Смурнов капризно его перебил:

– Знаю я, что ты "имеешь в виду"! Может, хватит уже няньку изображать? Лучше бы порадовался за меня: я такое место оторвал – закачаешься! Знаешь, где будем гулять? В ресторане "Гольфстрим"! Слыхал про такой?

– Нет…

– То-то! Я сам до вчерашнего дня не слыхал. Вчера меня туда друг свозил, Миша Дубицын. Ты знаешь Мишу Дубицына?

– Что-то знакомое… Он издательскими делами не занимался?

– Мишка? Он чем только не занимался… У него чуть ли не целый полиграфический комбинат был. Его кинули, Саша, представляешь? Подвели под монастырь! Он все продал, чтобы рассчитаться с долгами – квартиру в центре, дачу в два этажа, иномарочку свою…

Смурнов питал нежную страсть к иностранным автомобилям, но представить его за рулем Межутову было страшновато. Видимо, работники ГИБДД разделяли это чувство, потому что права Смурнову так и не дали; Александр уже не помнил точно, чем был мотивирован отказ.

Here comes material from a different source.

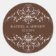 Los adornos antiguos románticos en blanco contra un rico fondo marrón sirven como marco para este pegatina. Personalizar por completo con su(s) nombre(s) y fecha del evento. Póngalo en sobres o correspondencia, precintar bolsas de favoritas, cajas de etiquetas, etc. Un pegatina adecuado para cualquier ocasión: bodas, fiestas de compromiso, un evento de reserva o un evento corporativo. Disponible en colores alternativos con productos coincidentes.

Он слушал приятеля со все возрастающей тревогой, уже почти не сомневаясь, что тот под кайфом.

– Гриша, а кто еще у тебя в четверг будет?

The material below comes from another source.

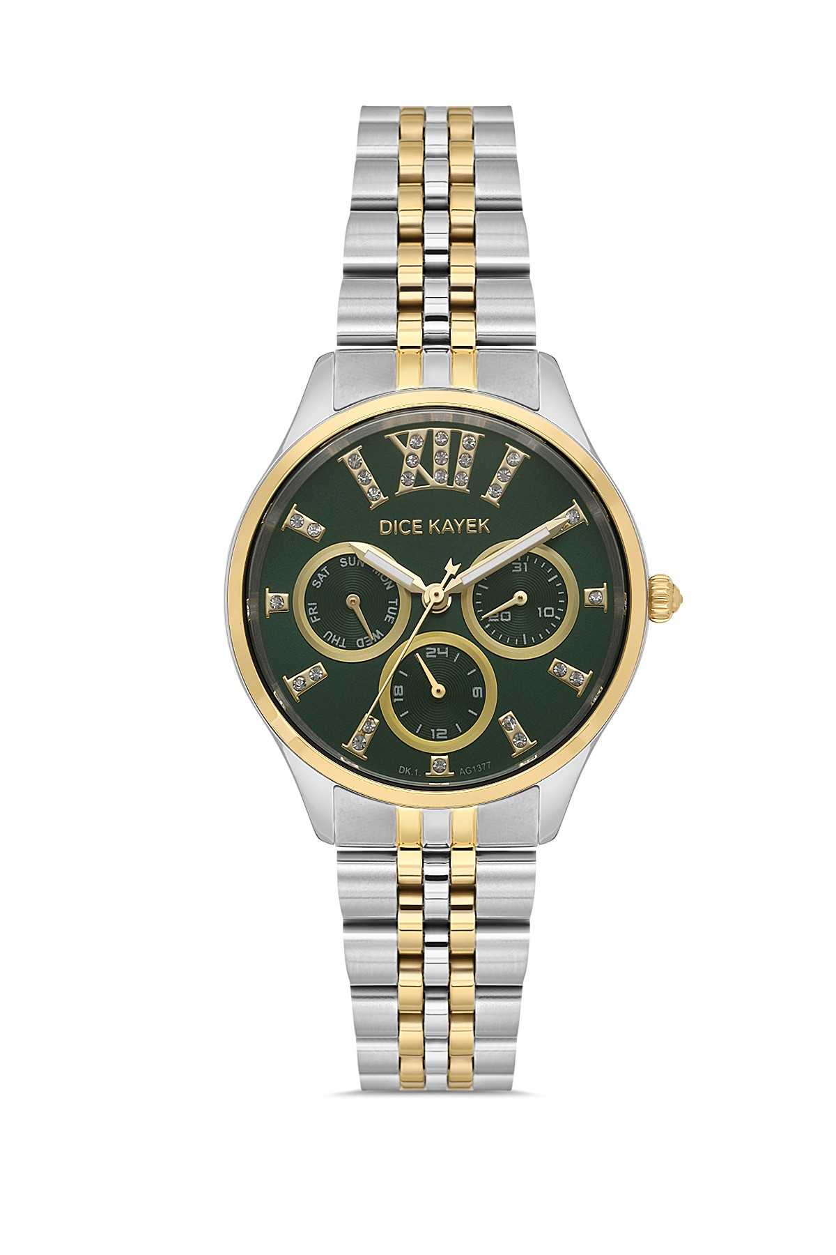 Kadın - Multi̇ Fonksi̇yon - Sari Beyaz - Yeşi̇l - Paslanmaz Masi̇f Çeli̇k - 3 Atm - Sertleşti̇ri̇lmi̇ş Mi̇neral Cam - Dice Kayek - 34

Смурнов поперхнулся какой-то очередной подробностью страданий Миши Дубицына и надолго задумался. Наконец сказал устало и бесцветно:

– Да хрен их всех упомнит…

Потом, помолчав, вдруг снова воодушевился:

– Долька Армянова обещала прийти. Костик Инютин со своей новой пассией. Она такая… Ну, увидишь. Не то актриса из Ленкома, не то какая-то секретарша… Блондинка, тощая, как доска. Но в нужных местах довольно выпуклая. Ну, кто там еще? А, ну наша знойная парочка – Жора с Валериком. Ты помнишь Валерика? Ох, он растолстел! Был бы бабой, я бы решил, что он на сносях, чесслово! Из Союза нашего целая команда прикатит, во главе с Борисычем. Он, кстати, про тебя как раз спрашивал, явишься ты или нет. О! Наталка будет! Вот кем тебя можно заманить, ага? Я ее, правда, на днях с мужиком каким-то видел, но это не важно – она всегда при мужиках. Та-а-акая, знаешь…

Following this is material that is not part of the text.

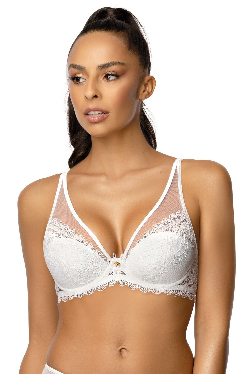 Push-up podprsenka - z bielej čipky a jemnej sieťoviny - na podprsenke - vyberateľné špongie - sedlo s mašľou a bižutérnym prvkom - ramienka s tylovým predĺžením, neodnímateľné, nastaviteľné - čipkový obvod - dve zapínania na háčiky a slučky s trojstupňovým nastavením Zloženie: 42 % polyamid, 22 % bavlna, 15 % polyester, 19 % polyuretán, 2 % elastan

Смурнов восхищенно хрюкнул в трубку. Межутов представил, как он пытается нарисовать свободной рукой в воздухе соблазнительный силуэт их давней общей знакомой, и невольно вздохнул. Гриша несколько раз начинал лечиться от наркомании, но каждый раз срывался, не пройдя курс до конца, и вскоре принимался за старое. Он был незлой, нежадный человек, но слабый и податливый, как осиновые ветви за окном. В свои сорок два года он выглядел так, словно ему было уже под шестьдесят.

Следующий вопрос Смурнова, выскочивший из какой-то тайной ямы подсознания, застал Межутова врасплох:

– Ты с Настькой своей еще не развелся?

– Почему это я должен был…? – Александр осекся, вспомнив, что Настя дома и может его слышать. Несмотря на участившиеся в последнее время ссоры, он еще ни разу не помышлял о разводе.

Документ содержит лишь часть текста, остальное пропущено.